The present issue of RS/SI, which is assembled more or less inductively from the contributors’ Ansätze rather than thought out like the plan of a dissertation, includes essays that pose the general problem of the relationship between aesthetics and semiotics (Jean Fisette, Dominique Chateau), others that address this relationship in the context of a particular semiotic problem that nonetheless lends itself to aesthetic scrutiny (Pere Salabert, Martin Lefebvre), another series that apply semiotics and/or semiotic considerations to a specific aesthetic object (Éric Prince, Bernard Darras, Pierre Fresnault-Deruelle), and lastly, an essay that relates the problematic to ancient philosophy by allying Aristotle and the cinema (Christophe Génin).

It will become apparent, however, that a single name is predominant in this collection : that of Charles S. Peirce — either because his contribution to the meeting between semiotics and aesthetics is the object of a given study, or because his concepts serve as a methodology for analyzing aesthetics. The omnipresence of this great thinker is obviously to be explained by the current resurgence of Peircean studies, by the consequent rediscovery of the “cathedral of research” he left to us, as well as, more particularly, by the fact that for him, aesthetics — paradoxically — seems both subsidiary and fundamental : subsidiary in the sense that the semiotic system encompasses the art object and its theorization, and dominates them with all its weight; fundamental to the extent that everything relating to Firstness and feeling constitutes such an important part of it, if not its very foundation. In addition, as is well known in visual semiotics, the Peircean system, beyond its exotic systematicity in English speaking countries, is a powerful reservoir of concepts and analytical instruments.

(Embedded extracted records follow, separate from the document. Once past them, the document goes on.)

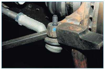 Нанося удары молотком по проушине рычага, одновременно нажимаем монтажной лопаткой на рулевую тягу вниз.
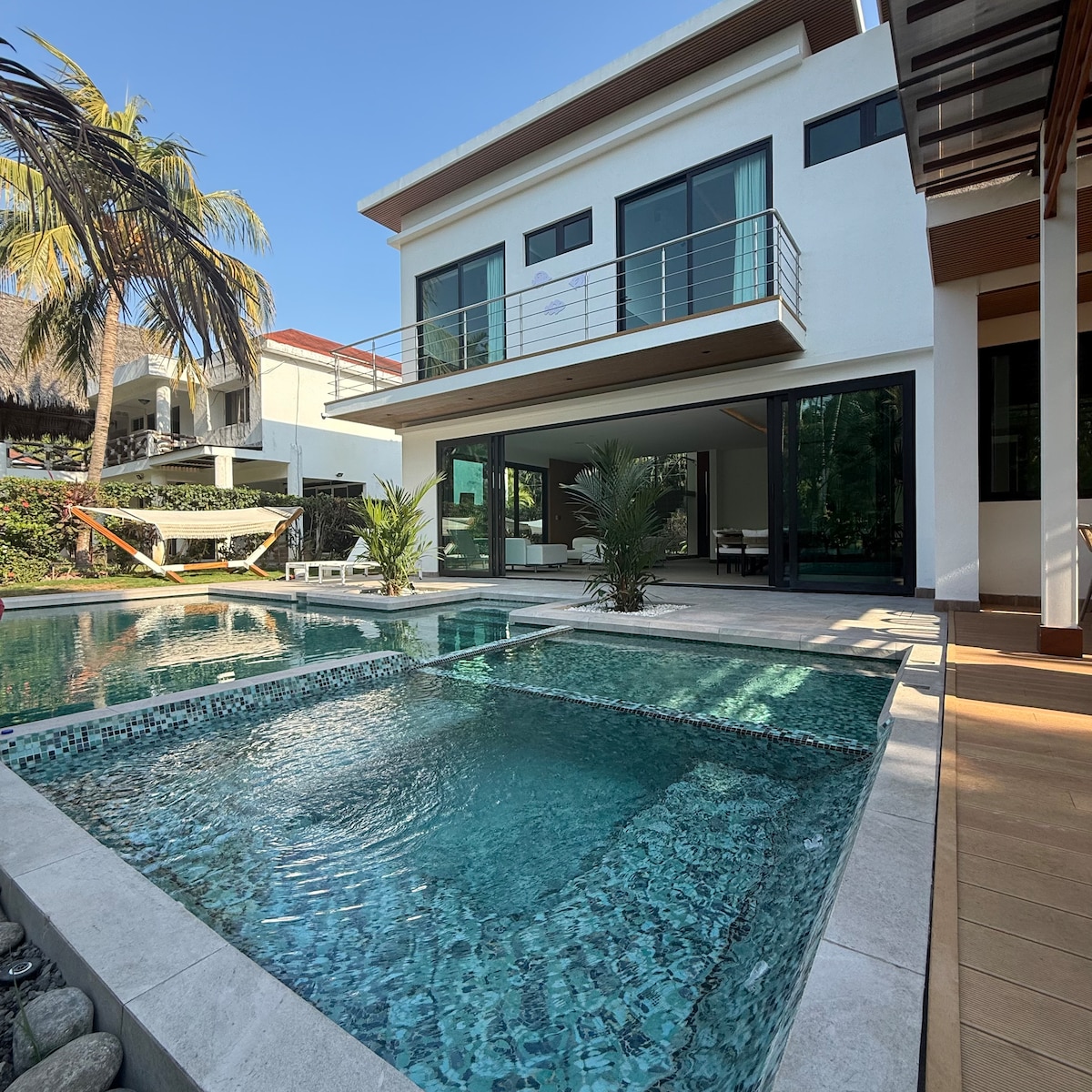 Con tu familia crea recuerdos inolvidables en esta casa en condominio seguro, con cocina moderna completamente equipada. Piscina privada grande con diferentes alturas para todas las edades, y múltiples sombrillas para tener sombra en la piscina. Acceso privado a la playa. Mesa de Ping-Pong, Juegos de niños y jardín de 500 metros para juegos al aire libre. Duerme cómodamente en 5 habitaciones con aire y TV, 16 camas en total. Parqueo para 4 carros dentro de la propiedad, más parqueos de visita.
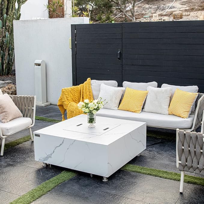 Bianco Marble Fire Pit 39.4" x 39.4" Outdoor Patio Firepit Includes Fire Glass Modern Fire Pits & Outdoor Fireplaces for Garden, Deck, Indoor & Outdoor Heating
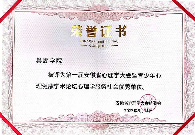 “心理學服務社會”優秀單位 | 集體獎 | 巢湖學院 |
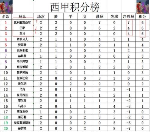 积分榜方面,比利亚雷亚尔和皇马今天都是大胜,也夺取了新赛季2连胜,比利亚雷亚尔狂胜后超过巴萨3个净胜球登顶。皇马则是追上了巴萨的净胜球,只不过进球少了2个,皇马排在巴萨之后紧紧追赶。
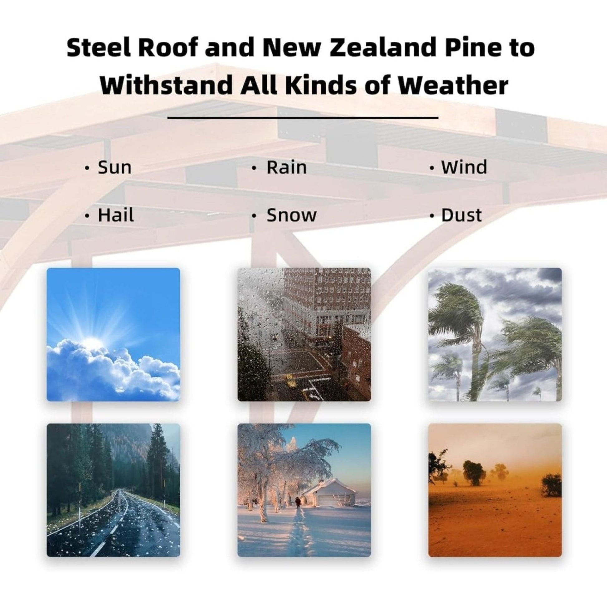 Elevate your home's exterior with the Alora Premium Heavy-Duty Pine Wood Arc-Shaped Carport. Its sleek, curved architecture brings a modern elegance to your driveway while smartly maximizing space in areas where parking is tight. You don't have to choose between utility and aesthetics; this structure is designed to be the envy of the neighborhood while keeping your vehicles covered.
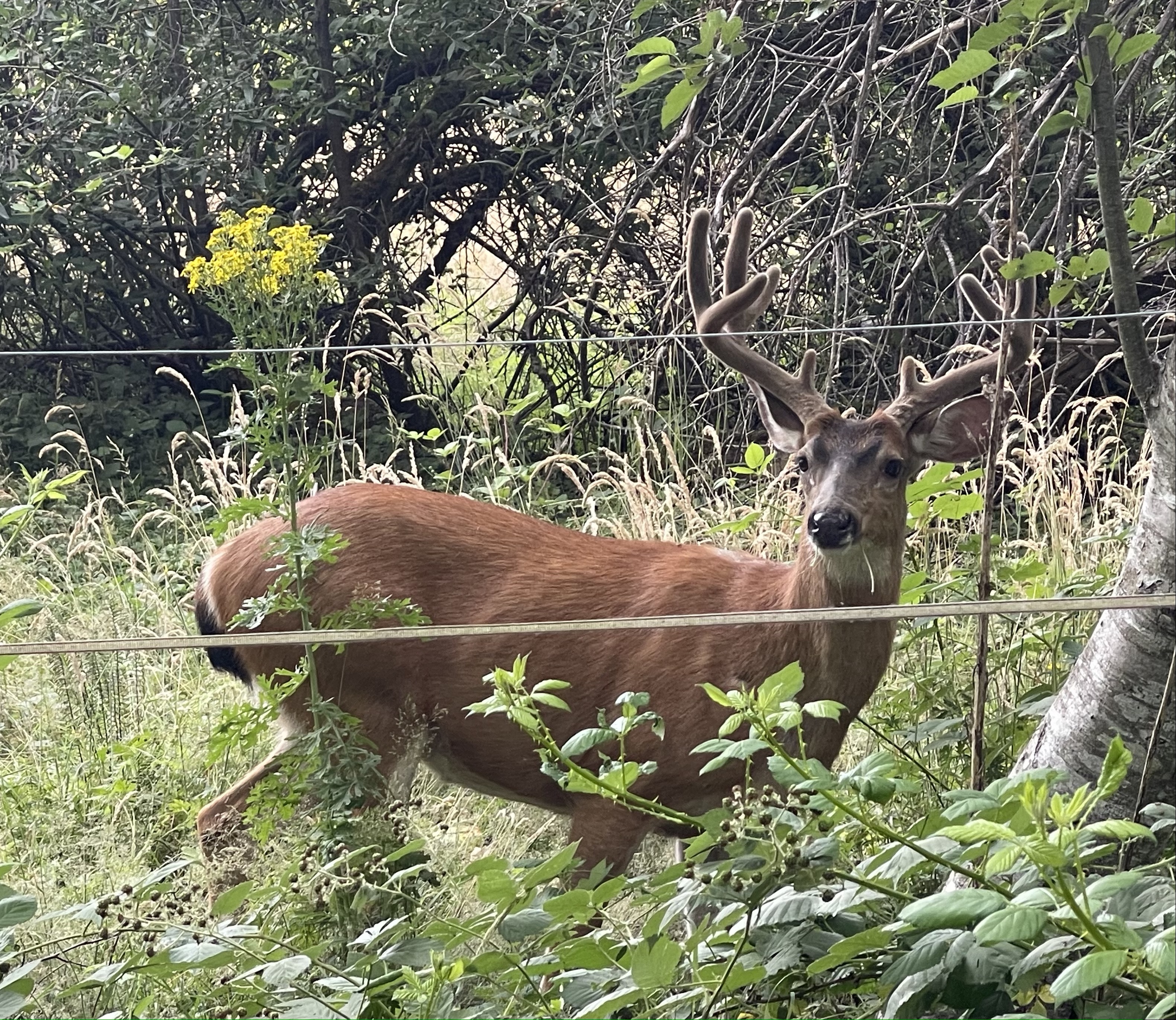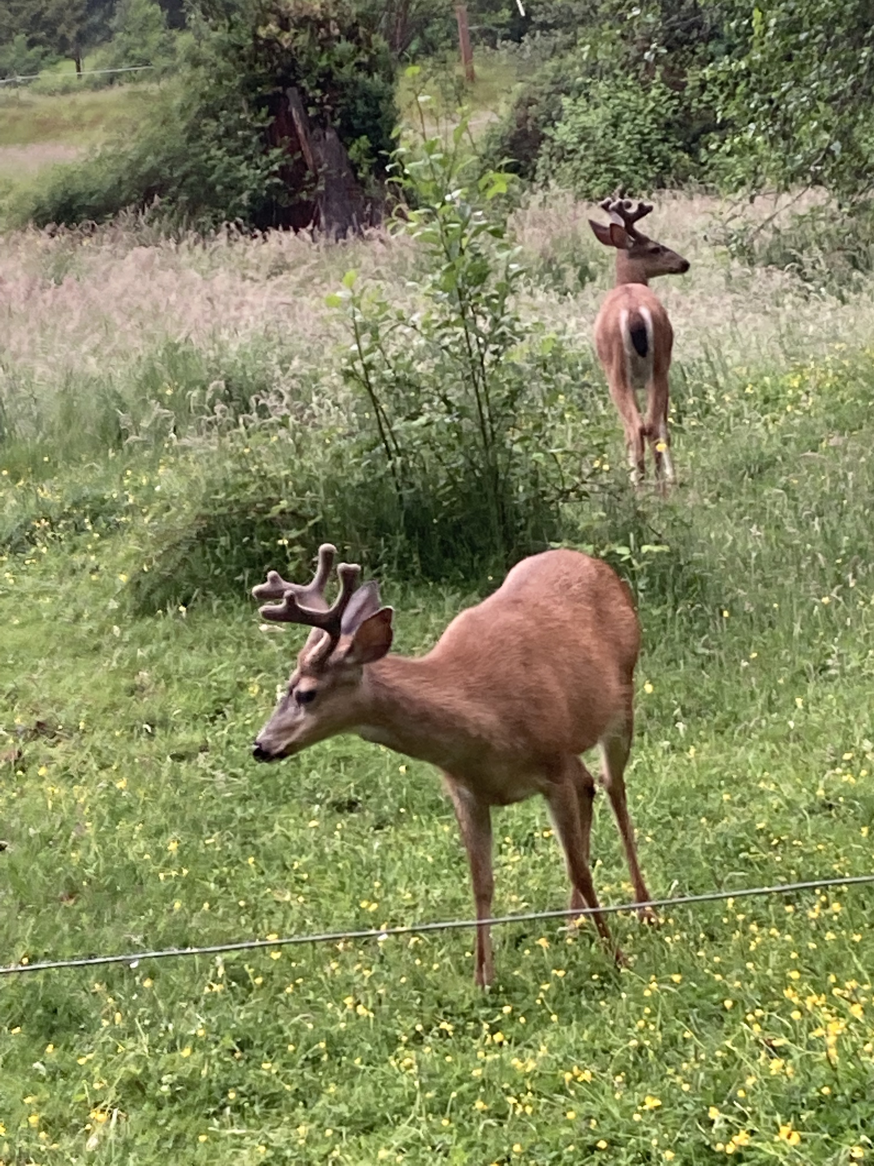 My passion for black tail lessons is entering it’s 9th year, and I’m so glad to see these two strapping bucks coming around before the season starts. If I’m lucky, they will establish this area as a territory, and claim the doe population as their harem this fall. They could be driven out by another more mature buck, but as a team, they have a good chance of standing their ground and fending off single bucks together. It’s a great strategy, and I’m not sure how often this approach happens. My observations of these two beautiful animals will continue, and I hope to have the privilege of hunting one of them successfully this fall. It would be my first mature buck harvest, and that would be a special gift from the animals I tend this land for. The deer feed me as much as I feed them, and that sacred relationship remains an important covenant with the land. It reinforces my place in the great circle of life, and to harvest wild food of all kinds- berries, greens, and meat, ties me closer to the land I love so much.
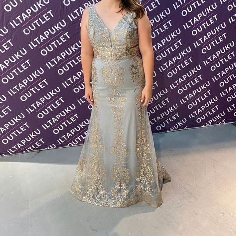 Koko 44 Vilan mekko kerran käytetty. Olkapäältä Helmaan noin 146cm
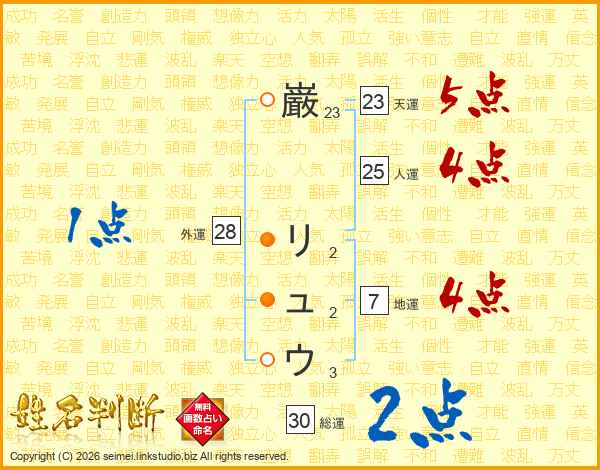 巌(23画) リ(2画)ュ(2画)ウ(3画)
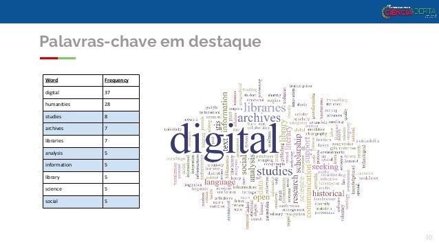 10. 10. Palavras-chave em destaque Word Frequency digital 37 humanities 28 studies 8 archives 7 libraries 7 analysis 5 information 5 library 5 science 5 social 5 10
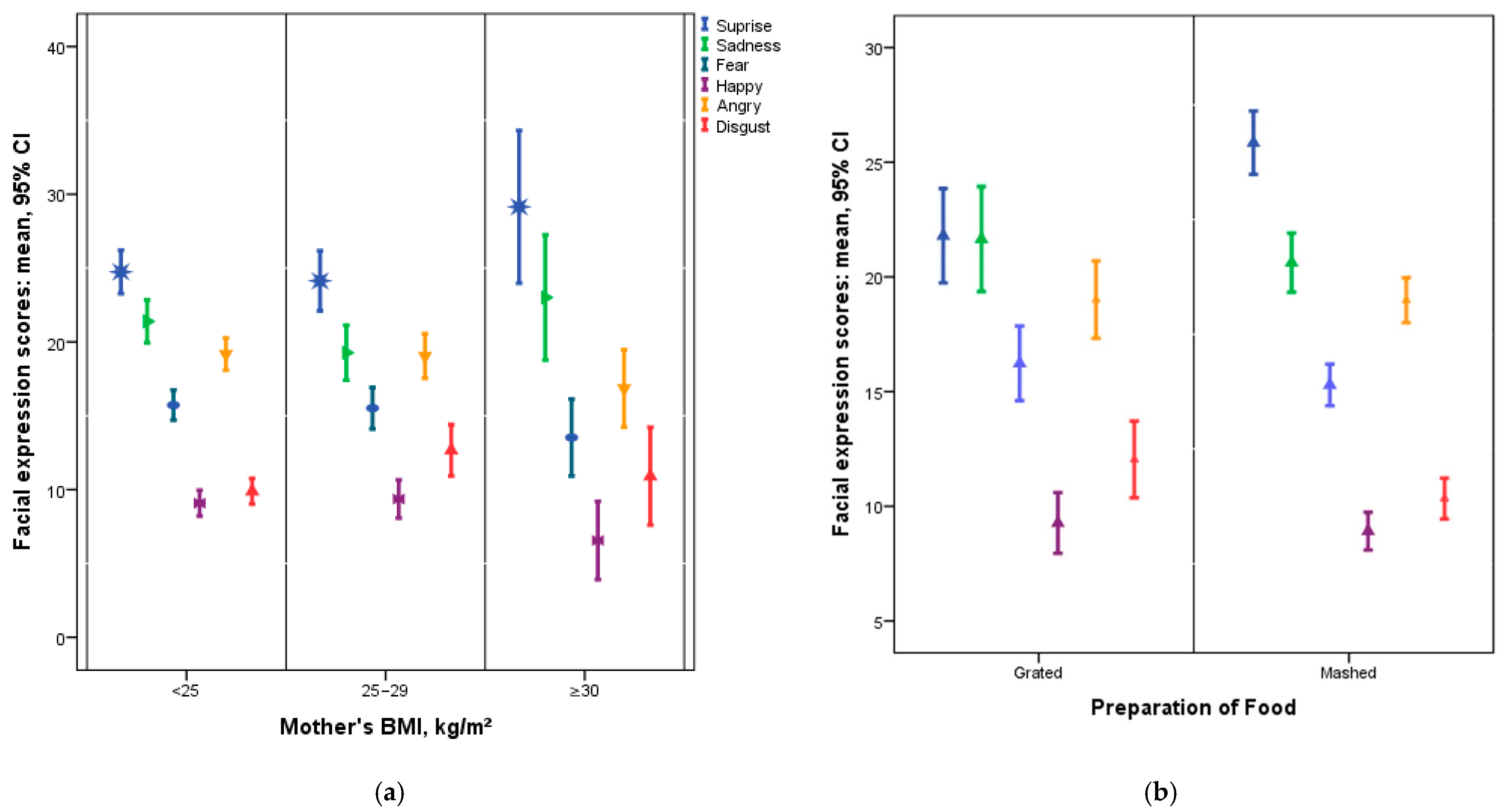 Surprise: Infants of mothers with BMI > 30 km/m2 displayed significantly higher levels of surprise (26.3 [24.2–28.4]) than those of mothers with BMI <25 km/m2 (23.0 [21.4–24.6]) or BMI 25–29 km/m2 (22.8 [20.9–24.8]) (p = 0.007). Female infants (24.3 [22.8–25.9]) showed slightly higher levels of surprise than male infants (23.7 [22.1–25.3]) (p = 0.002). Infants presented with mashed foods (25.5 [24.2–26.8]) demonstrated higher levels of surprise compared to those offered grated foods (22.6 [20.7–24.4]) (p = 0.002)m.
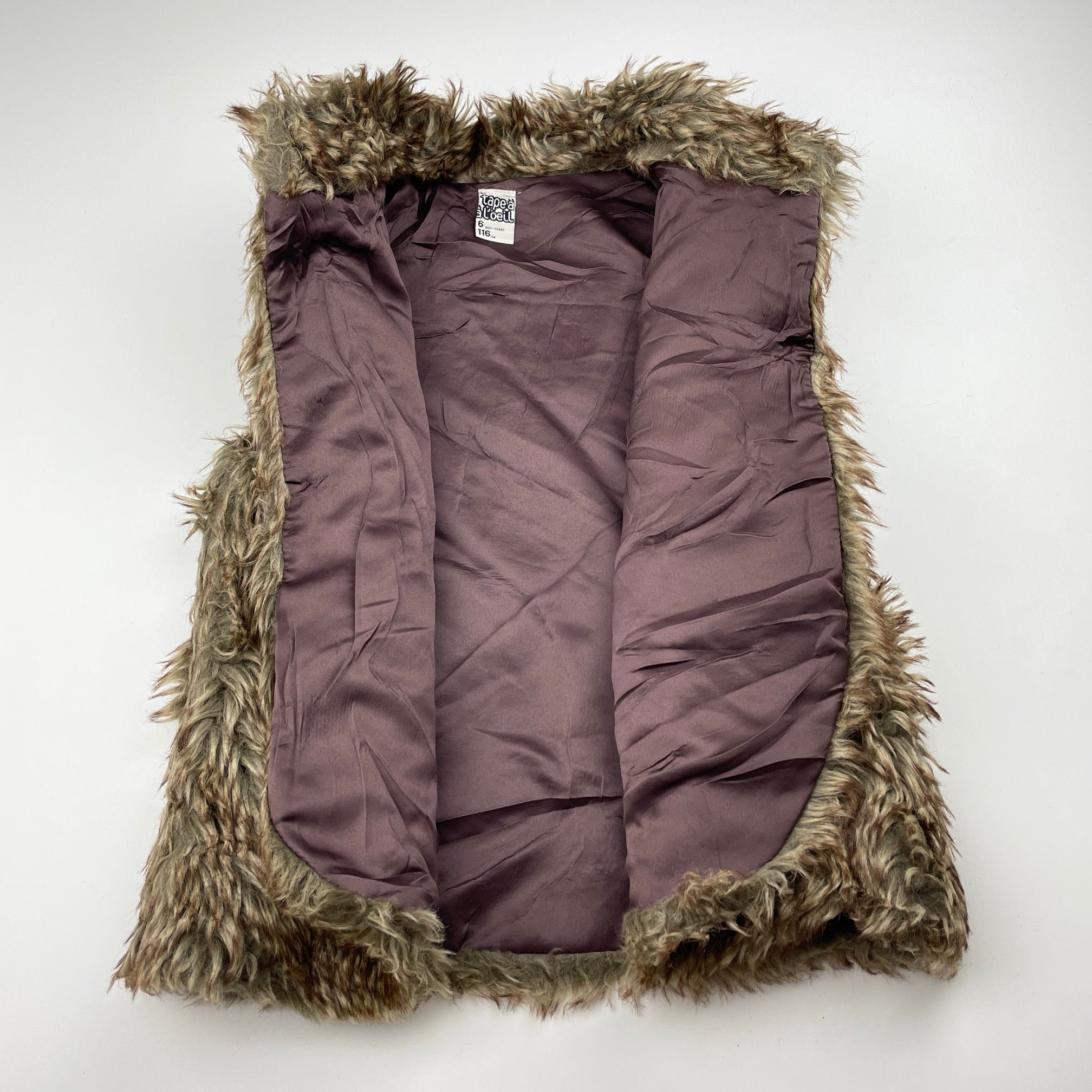 Tape a L'Oeil, lined faux fur vest, open style (no fastening), GUC, size 6,

In short, this issue of RS/SI is also a tribute to Peirce.

Another leitmotif the reader will notice dominates the “practical” explorations of semiotic theory in this issue : the image, either still or moving. This is perhaps to be explained by the fact that the image became the main stumbling block of first generation semiotics, which was focussed principally on linguistics and linguistic-oriented research. It is thus no wonder that many researchers have seen a greater openness towards the non-verbal in the logic of relations and in the semiotics of Peirce. Moreover, the image is so important today that any semiotic approach to the phenomena of meaning and communication, including aisthèsic/aesthetic phenomena, must address it adequately. Yet in spite of these considerations, the influence of the visual on thought and the aesthetic imagination must also be acknowledged, and this is indeed evidenced by some of the essays in this issue.